I am studyng the deduction of Fermi-Dirac and Bose-Einstein distribution, but I'm not understanding one part. If we have a system of ##N## identical non-interaction particles, with energies levels ##\varepsilon _{l}## and occupation number ##n_{l}## (this is the number of particles with the same energy ##\varepsilon_{l}##), the total energy and the partion function in the canonical emsemble are $$E(\{n_{l}\}) = \sum_{l} \varepsilon _{l} n_{l}, \ \ \ Z_{N} = \sum _{\{n_{l}\}} e^{-\beta E(\{n_{l}\})} = \sum _{\{n_{l}\}}\prod _{l}e^{-\beta n_{l}\varepsilon_{l}},$$where ##\{n_{l}\}## means tha the sum is over all possible sets of values of number occupations, such that ##\sum_{l} n_{l} = N##. Now, the partion function in the grand canonical emsemble is $$Q = \sum _{N} e^{\beta \mu N} Z_{N}.$$ The book I am reading say that this is equal to $$Q = \prod _{l} \sum _{n_{l}}[e^{-\beta(\varepsilon - \mu)}]^{n_{l}}$$ but I don't understand why. Note that the sum passed from a sum over the set ##\{n_{l}\}## to a sum over the values of ##n_{l}##.

Okay, let me see if I can go through it in more detail.

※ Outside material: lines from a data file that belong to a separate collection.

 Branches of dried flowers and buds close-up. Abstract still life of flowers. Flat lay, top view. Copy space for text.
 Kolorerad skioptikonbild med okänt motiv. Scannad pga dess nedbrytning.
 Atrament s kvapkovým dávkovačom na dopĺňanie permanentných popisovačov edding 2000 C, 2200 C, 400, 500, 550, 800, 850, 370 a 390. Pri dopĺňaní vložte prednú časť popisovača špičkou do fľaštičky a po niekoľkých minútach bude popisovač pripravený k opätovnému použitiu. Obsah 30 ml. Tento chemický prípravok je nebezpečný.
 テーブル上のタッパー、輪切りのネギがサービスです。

Let's let a "state" ##s## be an assignment of occupation numbers to each energy level ##l##. So ##n_{sl}## is the occupation number of energy level ##l## in state ##s##. Then in terms of ##s## we can write:

##Z_N = \sum_s e^{-\beta \sum_l n_{sl} \epsilon_l} \delta_{N - \sum_l n_{sl}}##
## = \sum_s (\Pi_l e^{-\beta n_{sl} \epsilon_l}) \delta_{N - \sum_l n_{sl}}##

where the ##\delta_{N - \sum_l n_{sl}}## returns 0 unless ##\sum_l n_{sl} = N##

So instead of only summing over states with ##N## particles, I'm summing over all possible states, but the ones with a number of particles different from ##N## make no contribution, because of the ##\delta##.

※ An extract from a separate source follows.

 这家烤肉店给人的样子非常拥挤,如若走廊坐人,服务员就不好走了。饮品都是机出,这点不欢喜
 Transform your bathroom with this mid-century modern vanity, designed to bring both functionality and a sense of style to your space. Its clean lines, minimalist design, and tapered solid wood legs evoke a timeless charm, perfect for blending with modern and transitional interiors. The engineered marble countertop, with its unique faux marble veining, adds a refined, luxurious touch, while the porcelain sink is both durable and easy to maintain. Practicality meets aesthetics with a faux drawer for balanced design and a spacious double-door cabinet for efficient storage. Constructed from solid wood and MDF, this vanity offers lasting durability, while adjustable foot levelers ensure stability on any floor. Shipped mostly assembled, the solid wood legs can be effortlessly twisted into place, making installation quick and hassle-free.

Now, let's form the grand canonical partition function:

##Q = \sum_N e^{\beta \mu N} Z_N##
## = \sum_N e^{\beta \mu N} \sum_s (\Pi_l e^{-\beta n_{sl} \epsilon_l}) \delta_{N - \sum_l n_{sl}}##
## = \sum_N \sum_s e^{\beta \mu N} (\Pi_l e^{-\beta n_{sl} \epsilon_l}) \delta_{N - \sum_l n_{sl}}##

Now, assuming that we can switch the order of summation (which we can, unless there are convergence issues, which I'm assuming there aren't), we can write:

##Q = \sum_s \sum_N e^{\beta \mu N} (\Pi_l e^{-\beta n_{sl} \epsilon_l}) \delta_{N - \sum_l n_{sl}}##

We can do the inner sum over ##N##, and because of the presence of the ##\delta##, the only contributions are when ##N = \sum_l n_{sl}##. So we can get rid of ##N## to get:

##Q = \sum_s e^{\beta \mu \sum_l n_{sl}} (\Pi_l e^{-\beta n_{sl} \epsilon_l})##
##Q = \sum_s \Pi_l e^{-\beta (\epsilon_l - \mu) n_{sl}}##

The final simplification is to bring the summation inside the product. Since summing over all possible states ##s## is equivalent to summing over all possible assignments to ##n_1, n_2, ...##, we can rewrite this as:

##Q = \sum_{n_1} \sum_{n_2} ... e^{-\beta (\epsilon_l - \mu) n_{1}} e^{-\beta (\epsilon_l - \mu) n_{2}} ... ##
##= \sum_{n_1} e^{-\beta (\epsilon_l - \mu) n_{1}} \sum_{n_2} e^{-\beta (\epsilon_l - \mu) n_2} ...##
##= (\sum_{n_1} e^{-\beta (\epsilon_l - \mu) n_{1}}) (\sum_{n_2} e^{-\beta (\epsilon_l - \mu) n_2}) ...##
##= \Pi_l (\sum_n e^{-\beta (\epsilon_l - \mu) n})##

Lebnm
The mathematical fact that can be used is this:

##\sum_{n_1} \sum_{n_2} ... \sum_{n_M} f(1, n_1) f(2, n_2) ... f(M, n_M) = \Pi_l \sum_n f(l, n)##

thank you!